Exercise brief – From the material below, reproduce exactly the stretch of lines that begins with the line holding "Portrait in Bleistiftzeichnungs-Optik" and ends with the line holding "세종시는 4일 오후 3시부터", skipping the pictures.

Dataset content –
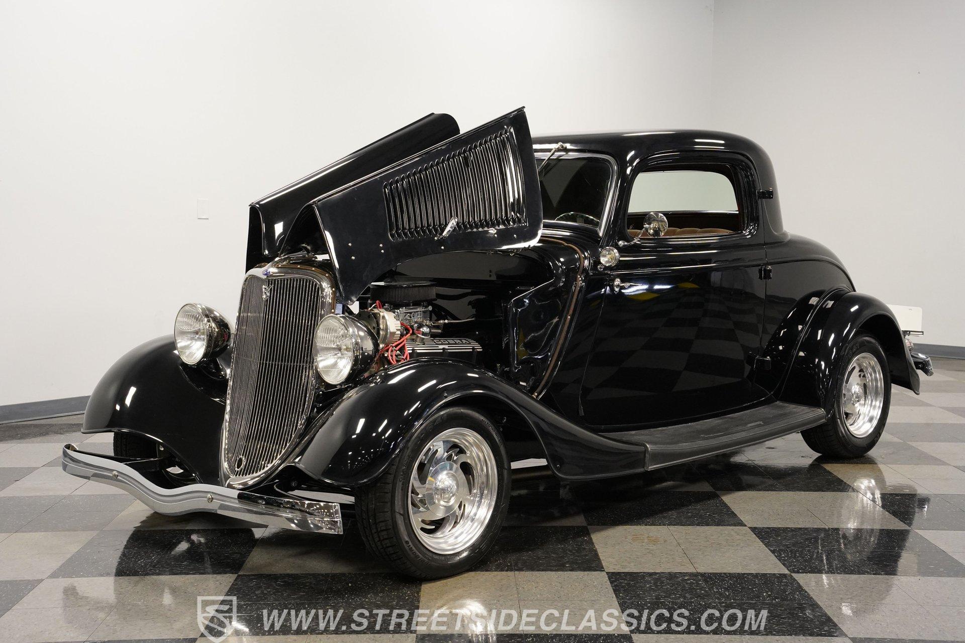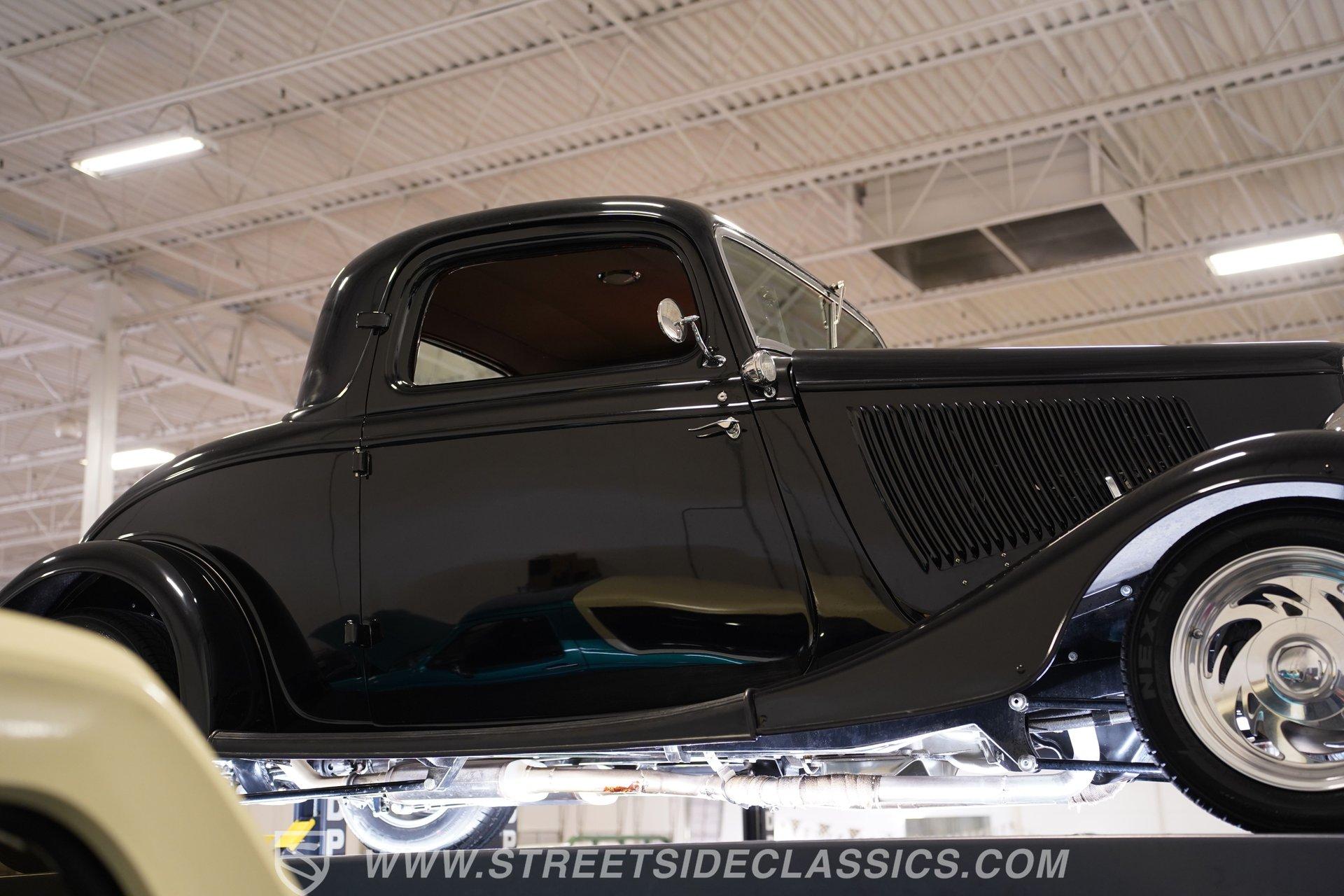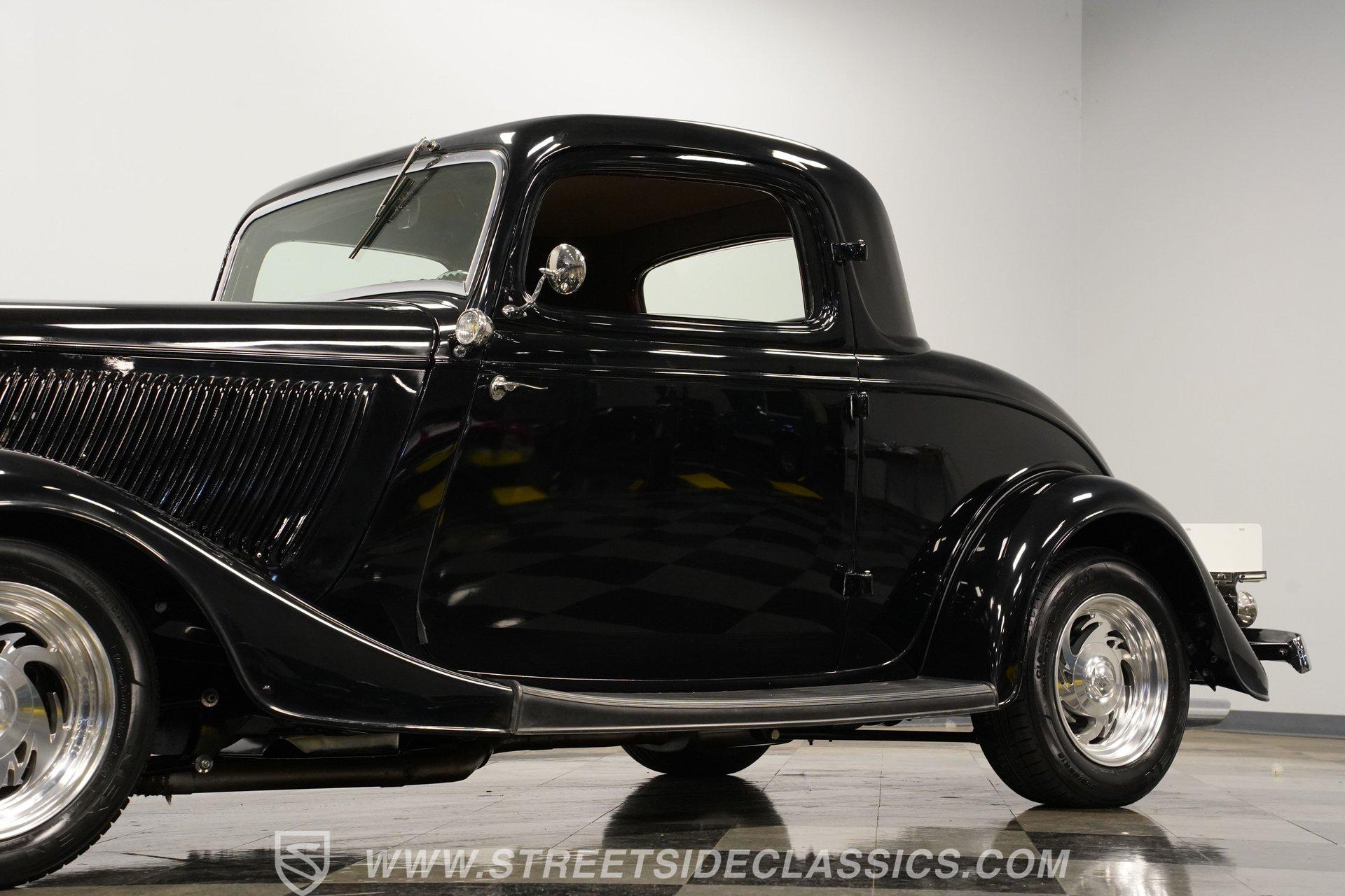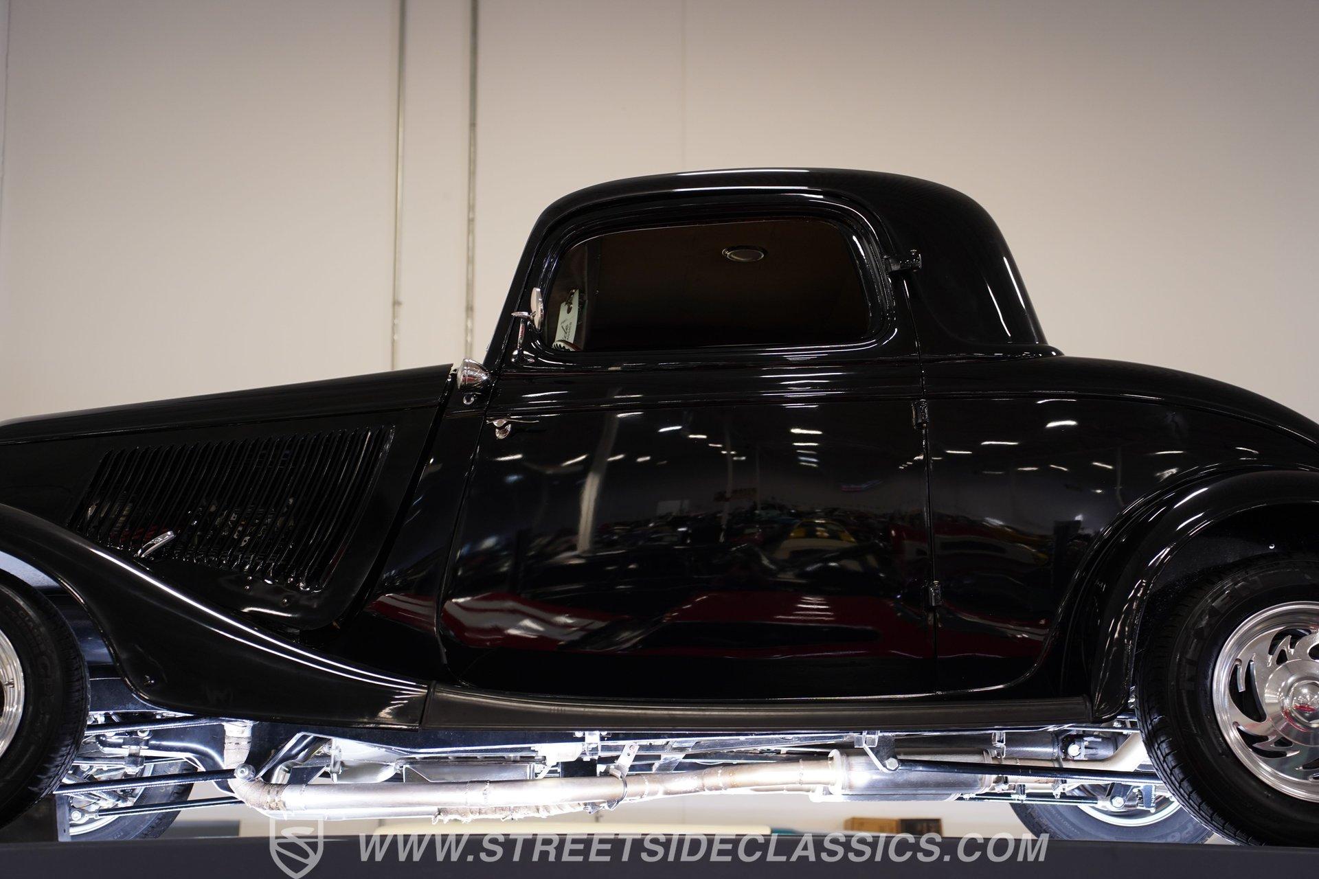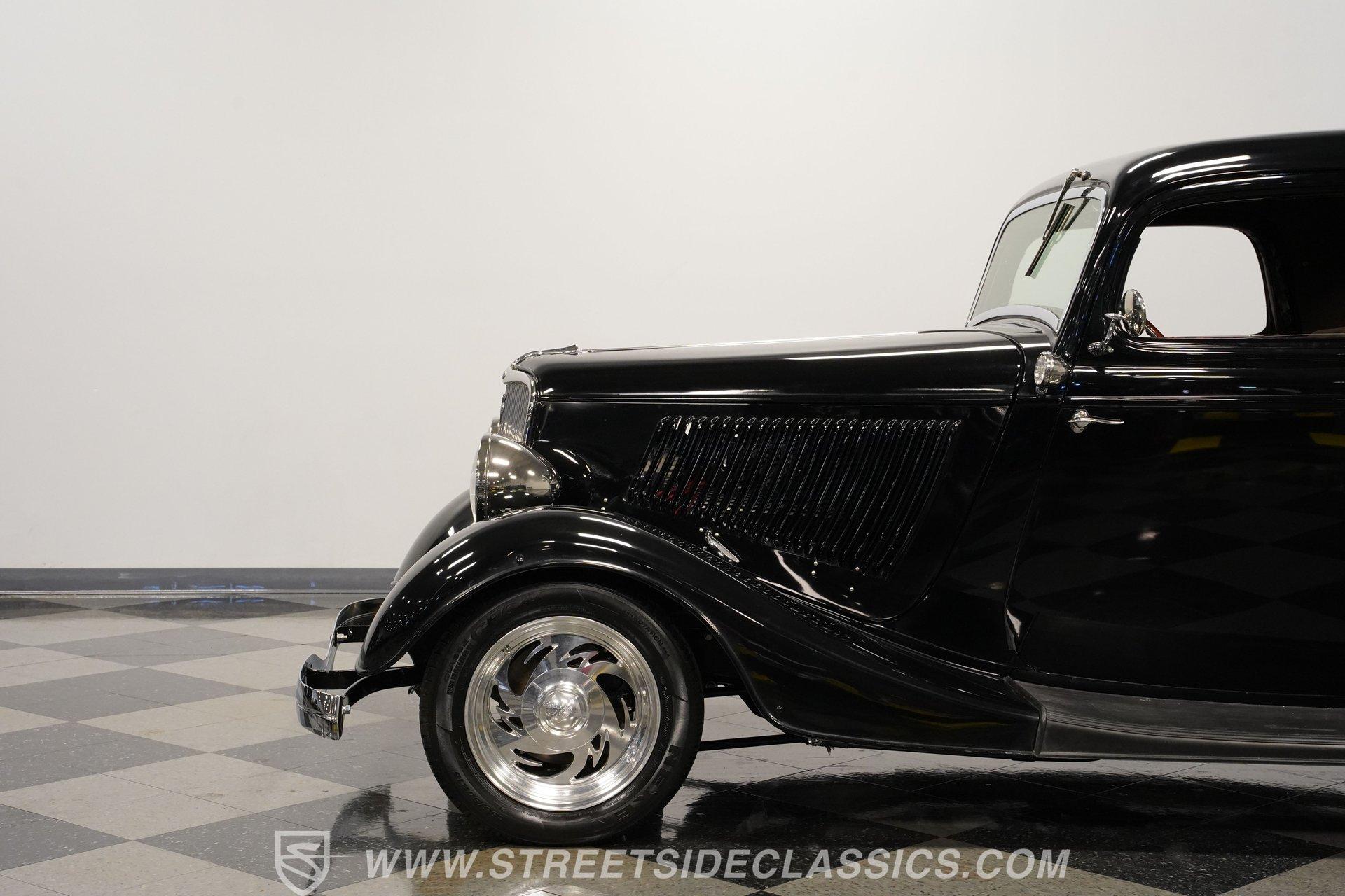 Most car enthusiasts have probably thought about scoring a sweet old-school hot rod at some point. The thing that usually holds people back is the time and effort it takes, along with all the trial-and-error that comes with it. It can definitely feel like a lot to handle, which is why when a car like this 1934 Ford 3-Window Coupe comes along, it's worth taking some time to see how much effort and time have been invested in it for you, no work required. With just two miles on its odometer since its ten-year full frame-off restoration was completed, this midnight black coupe is sure to turn heads wherever it goes. Inside those suicide doors, we find a beautifully appointed and fully custom tan interior. A beautiful woodgrain banjo-style custom steering wheel sits in front of a matching (and equally beautiful) woodgrain dashboard featuring a set of white-faced AutoMeter gauges. Power window switches, seatbelts, and an air conditioner that could use a recharge make this cockpit far superior to its original form. Out back, we find a rumble seat setup that only needs the seat itself to provide passengers with a ride unlike any other. Prop open that steel hood, and you're treated to a clean and full engine bay featuring a 302 cubic-inch naturally aspirated V-8 engine. With its Cobra valve covers, single four-barrel Brawler carburetor, shorty headers, and MagnaFlow dual exhaust, this small block sounds every bit the hot rod it is meant to be. That power is routed through a Ford C6 three-speed automatic transmission before being sent out to the nine-inch rear end, which transfers those ponies to the pavement via a set of 15-inch Billet Specialties chrome wheels. HIGHLIGHTS: Ten Year Frame Off Restoration Two Miles Since Completed Rumble Seat Ready 302 CID V8 Brawler Four BBL Carb Shorty Headers Dual Exhaust MagnaFlow Mufflers C6 Three Speed Auto Aftermarket Suspension Coilovers Power Brakes Front Disc Brakes Power Steering Custom Interior Custom Wheel Woodgrain Dash AutoMeter Gauges Power Windows AC Setup AM/FM Stereo Receipts Restoration Photos This 1934 Ford 3-Window Coupe rides on an aftermarket-laden suspension, power brakes featuring front discs make it easy to rein in speed whenever necessary, and instill a sense of confidence that this car is ready to go, no matter where the road may take you. So, if you've always wanted a true old-school hot rod, but don't have the time or patience to put one together piece by piece, then this beautifully put-together street rod is exactly what you've been waiting for. Don't wait, call today!
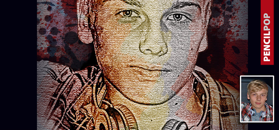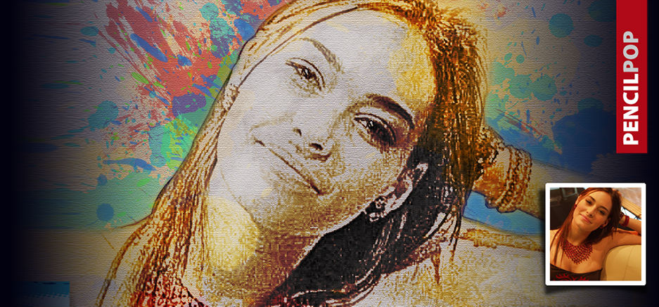 Portrait in Bleistiftzeichnungs-Optik aufgepimt durch verschiedene Pinseltechniken und Leinwandstruktur.
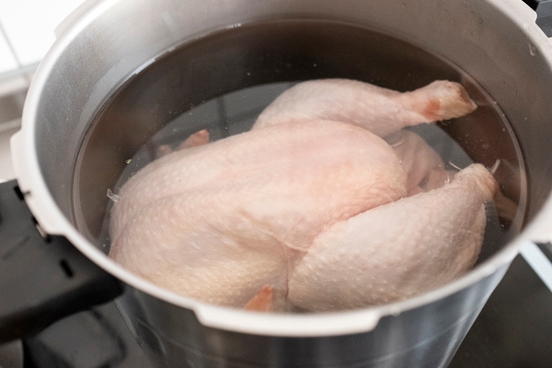 Spoel de soepkip met koud water schoon en breng aan de kook in koud water. Laat 5 minuten koken en spoel daarna koud. Zodat alle gestolde eiwitten eraf zijn.
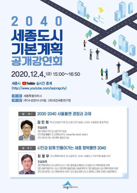 세종시는 4일 오후 3시부터 공식유튜브채널(www.youtube.com/sejongcity)을 통해 ‘시민참여형 세종도시기본계획 제1회 공개강연회’를 연다.
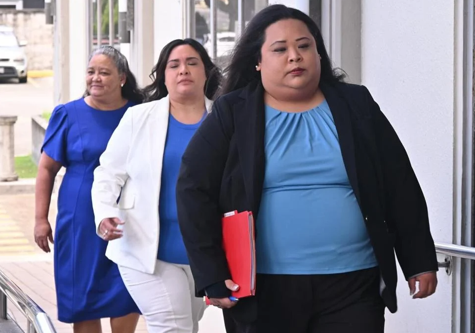 From left, Tina Sanchez, Charissa Tenorio and Tenorio’s attorney, Kristine Borja enter the District Court of Guam in Anigua on Thursday for an arraignment hearing.

Completed exercise –
 Portrait in Bleistiftzeichnungs-Optik aufgepimt durch verschiedene Pinseltechniken und Leinwandstruktur.
 Spoel de soepkip met koud water schoon en breng aan de kook in koud water. Laat 5 minuten koken en spoel daarna koud. Zodat alle gestolde eiwitten eraf zijn.
 세종시는 4일 오후 3시부터 공식유튜브채널(www.youtube.com/sejongcity)을 통해 ‘시민참여형 세종도시기본계획 제1회 공개강연회’를 연다.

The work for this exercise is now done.